— ASSIGNMENT —
In the records below, find the line that contains "아이디어의 ‘최고’를 가린다." and the line that contains "I hope you guys", then retype exactly those two lines and every line between them.

— THE DATA —
________________

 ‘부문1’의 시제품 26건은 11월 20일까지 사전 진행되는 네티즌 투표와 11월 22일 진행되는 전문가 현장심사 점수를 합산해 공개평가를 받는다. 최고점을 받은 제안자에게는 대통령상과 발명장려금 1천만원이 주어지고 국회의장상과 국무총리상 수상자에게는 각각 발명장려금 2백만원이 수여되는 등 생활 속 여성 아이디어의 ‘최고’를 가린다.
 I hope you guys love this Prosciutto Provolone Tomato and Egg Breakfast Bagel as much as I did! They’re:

________________

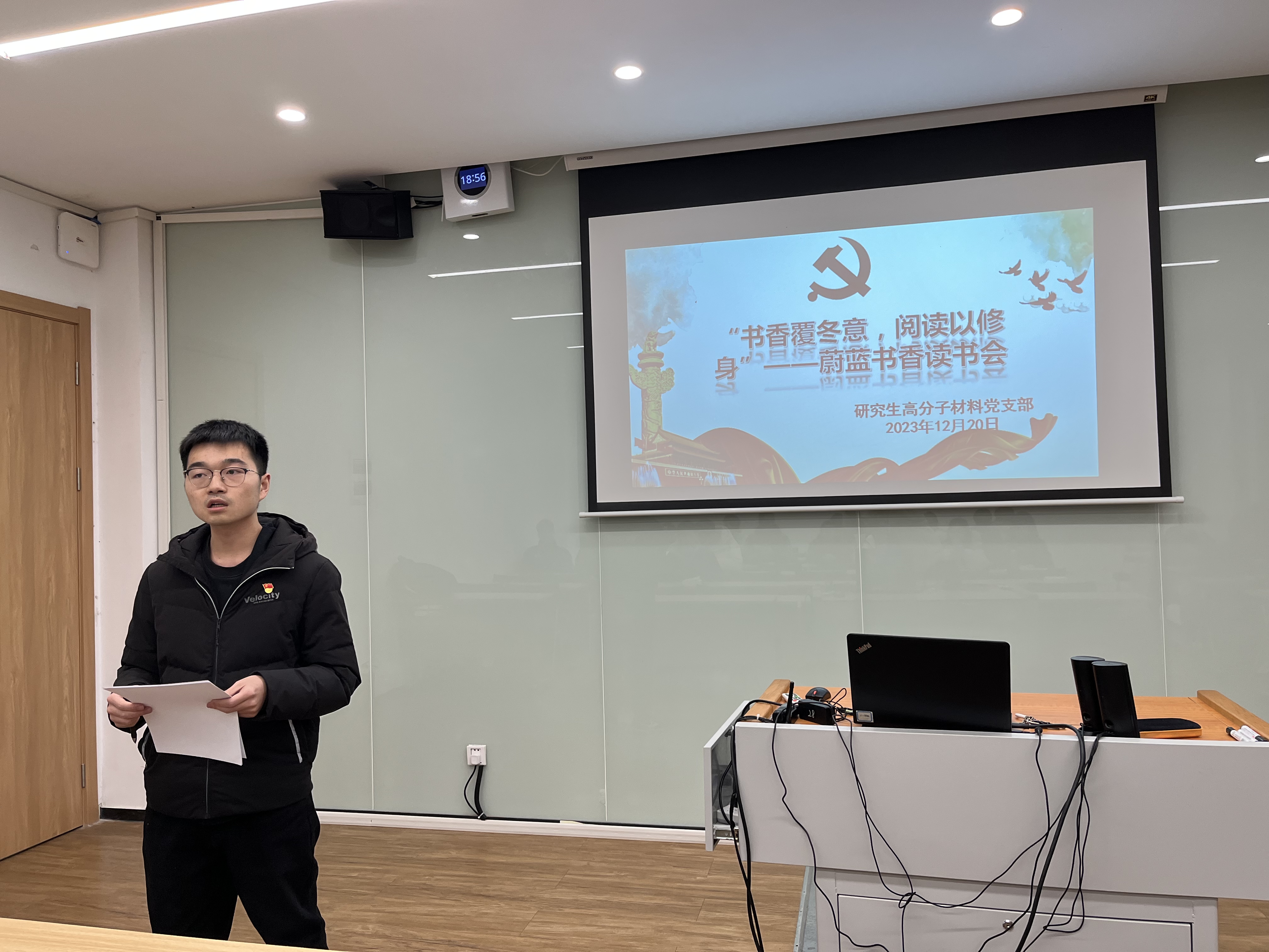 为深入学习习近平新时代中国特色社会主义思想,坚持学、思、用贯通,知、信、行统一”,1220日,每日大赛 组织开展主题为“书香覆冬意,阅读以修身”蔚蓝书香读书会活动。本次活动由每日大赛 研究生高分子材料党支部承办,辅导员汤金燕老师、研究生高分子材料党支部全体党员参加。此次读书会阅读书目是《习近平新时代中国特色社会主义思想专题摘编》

________________

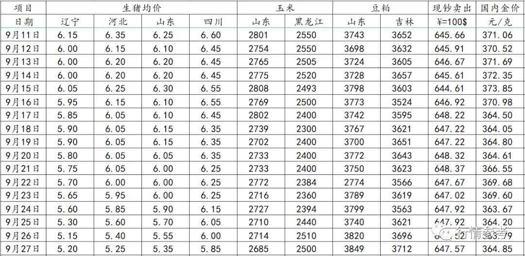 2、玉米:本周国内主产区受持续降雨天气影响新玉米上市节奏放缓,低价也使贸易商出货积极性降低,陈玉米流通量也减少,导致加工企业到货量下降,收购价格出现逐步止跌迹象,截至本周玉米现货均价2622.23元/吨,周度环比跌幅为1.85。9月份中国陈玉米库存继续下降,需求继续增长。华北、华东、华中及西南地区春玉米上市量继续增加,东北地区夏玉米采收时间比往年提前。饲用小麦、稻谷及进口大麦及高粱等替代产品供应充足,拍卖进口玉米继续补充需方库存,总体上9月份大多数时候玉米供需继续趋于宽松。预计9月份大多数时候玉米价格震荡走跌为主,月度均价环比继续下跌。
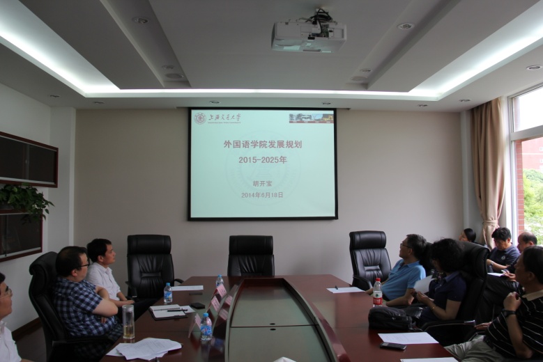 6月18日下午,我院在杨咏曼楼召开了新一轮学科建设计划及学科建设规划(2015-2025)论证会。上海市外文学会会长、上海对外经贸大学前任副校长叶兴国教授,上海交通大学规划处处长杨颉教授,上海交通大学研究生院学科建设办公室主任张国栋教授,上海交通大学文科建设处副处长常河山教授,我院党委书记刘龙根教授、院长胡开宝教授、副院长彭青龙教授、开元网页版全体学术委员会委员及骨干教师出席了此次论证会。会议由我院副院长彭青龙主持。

________________

— ANSWER BOX —
 ‘부문1’의 시제품 26건은 11월 20일까지 사전 진행되는 네티즌 투표와 11월 22일 진행되는 전문가 현장심사 점수를 합산해 공개평가를 받는다. 최고점을 받은 제안자에게는 대통령상과 발명장려금 1천만원이 주어지고 국회의장상과 국무총리상 수상자에게는 각각 발명장려금 2백만원이 수여되는 등 생활 속 여성 아이디어의 ‘최고’를 가린다.
 I hope you guys love this Prosciutto Provolone Tomato and Egg Breakfast Bagel as much as I did! They’re:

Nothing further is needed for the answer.